Answer
Maximum value: $f(1,1)=1$
Saddle point $(0,0),(0,3),(3,0)$
Work Step by Step
Second derivative test: Some noteworthy points to calculate the local minimum, local maximum and saddle point of $f$.
1. If $D(p,q)=f_{xx}(p,q)f_{yy}(p,q)-[f_{xy}(p,q)]^2 \gt 0$ and $f_{xx}(p,q)\gt 0$ , then $f(p,q)$ is a local minimum.
2.If $D(p,q)=f_{xx}(p,q)f_{yy}(p,q)-[f_{xy}(p,q)]^2 \gt 0$ and $f_{xx}(p,q)\lt 0$ , then $f(p,q)$ is a local maximum.
3. If $D(p,q)=f_{xx}(p,q)f_{yy}(p,q)-[f_{xy}(p,q)]^2 \lt 0$ , then $f(p,q)$ is a not a local minimum and local maximum or, a saddle point.
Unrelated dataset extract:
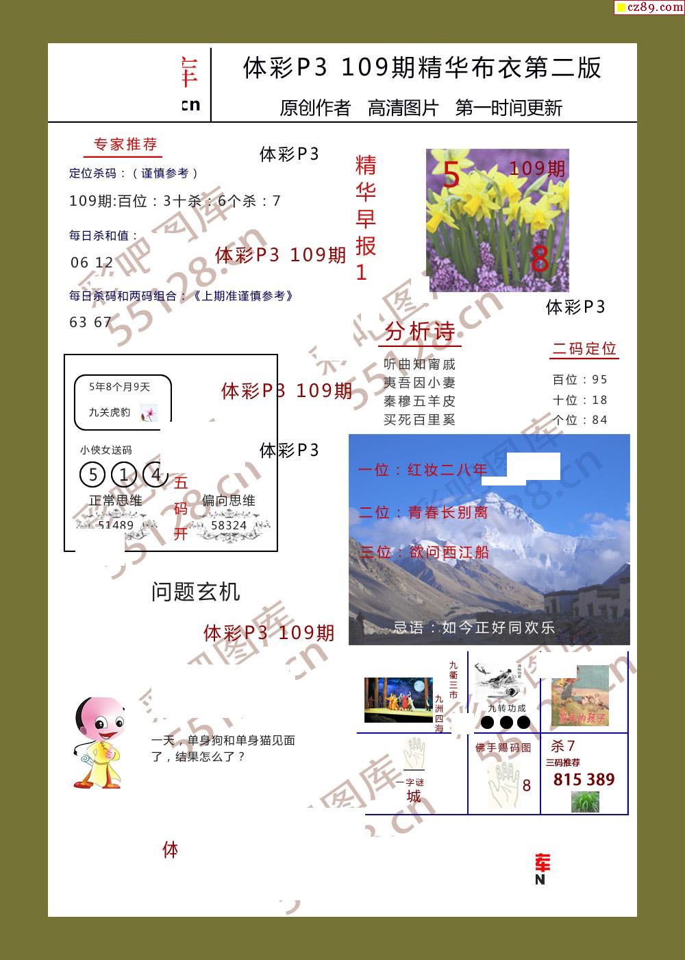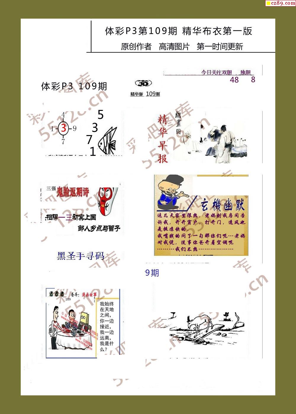 精华布衣彩报109期体彩p3图谜

Critical point are: $(1,1),(0,0),(0,3),(3,0)$
For $(x,y)=(1,1)$
$D=3 \gt 0$ ; and $f_{xx} =-2\gt 0$
Thus, when $D(p,q)=f_{xx}(p,q)f_{yy}(p,q)-[f_{xy}(p,q)]^2 \lt 0$ and $f_{xx}(p,q)\gt 0$ , then $f(p,q)$ is a local maximum.
For $(x,y)=(0,0)$
$D=-9 \lt 0$
For $(x,y)=(0,3)$
$D=-9 \lt 0$
For $(x,y)=(3,0)$
$D=-9 \lt 0$
When$D(p,q)=f_{xx}(p,q)f_{yy}(p,q)-[f_{xy}(p,q)]^2 \lt 0$ , then $f(p,q)$ is a not a local minimum and local maximum or, a saddle point.
Now, $f(1,1)=3xy-x^2y-xy^2=3(1)(1)-(1)^2(1)-(1)(1)^2=1$
Therefore, we have Maximum value: $f(1,1)=1$
Saddle point $(0,0),(0,3),(3,0)$